A composable architecture with pools of CPUs, SSDS, and accelerators that are networked together and controlled by a standards-based provisioning framework promises vastly improved data center resource efficiency. In such an architecture, different workloads might have different compute, storage, and acceleration requirements, and those resources will be assigned accordingly with no wasted hardware. That all sounds great in theory, but in practice, there is one big issue: Latency.
The Latency Challenge
As you disaggregate resources and move them farther apart you incur more delays and reduced bandwidth due to the network traffic between CPUs and SSDs, or between CPUs and accelerators. Unless you have some way to reduce the network traffic and interconnect the resources in an efficient way, this can be severely limiting. That’s where FPGAs play three major roles in solving the latency challenge:
FPGAs act as adaptable accelerators that can be customized for each workload for maximum performance.
FPGAs can also bring compute closer to the data, thereby reducing latency and minimizing the required bandwidth.
The adaptable, intelligent fabric of FPGAs enables efficient pooling of resources without incurring excessive delays.
The first significant advantage for FPGA-based compute accelerators is dramatically improved performance for workloads that are in high demand these days. In video transcoding use cases for live streaming applications, FPGA solutions typically outperforms x86 CPUs by 30x, which helps data center operators meet the huge increase in the number of simultaneous streams. Another example is in the critical field of genomic sequencing. A recent Xilinx genomics customer found that our FPGA-based accelerator delivered the answer 90 times faster than a CPU, helping medical researchers test DNA samples in a fraction of the time it once took.
Moving Compute Closer to Data
The second key advantage for FPGAs in a composable data center is the ability to bring adaptable compute close to the data, whether at rest or in motion.
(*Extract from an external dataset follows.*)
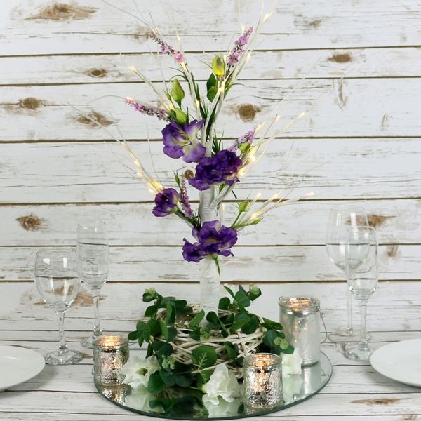 SummaryUse trailing florals and foliage to create this woodland themed illuminated centrepiece.

Xilinx FPGAs used in SmartSSD computational storage devices accelerate functions like high-speed search, parsing, compression, and encryption, which are usually performed by a CPU. This helps offload the CPU for more complex tasks but also reduces the traffic between the CPU and the SSDs, thereby cutting down on bandwidth consumption and reducing latency.
Similarly, our FPGAs are now used in SmartNICs like our new Alveo SN1000 to accelerate data in motion with wire-speed packet processing, compression, and crypto services as well as the ability to adapt to custom switching requirements for a particular data center or customer.
When you combine an FPGA’s adaptable compute acceleration with low-latency connectivity, you can go a step further in the composable data center. You can assign a compute-heavy workload to a cluster of accelerators that are interconnected by an adaptable intelligent fabric - creating a high-performance computer on demand.
Of course, none of this is possible if you can’t program the compute accelerators, SmartSSDs and SmartNICs with the optimal acceleration algorithms, and then provision them in the right numbers for each workload. For that task, we have built a comprehensive software stack that leverages domain-specific industry frameworks like TensorFlow and FFMPEG, which work in conjunction with our Vitis development platform. We also see a role for higher-level provisioning frameworks like RedFish to help with intelligent resource allocation.
The Future is Now
The promise of the composable data center is an exciting change and Xilinx devices and accelerator cards are key building blocks to this new efficient architecture. With rapid reconfigurability, low latency, and a flexible architecture that can adapt to changing workloads, Xilinx is well-positioned to be a major player in this evolution.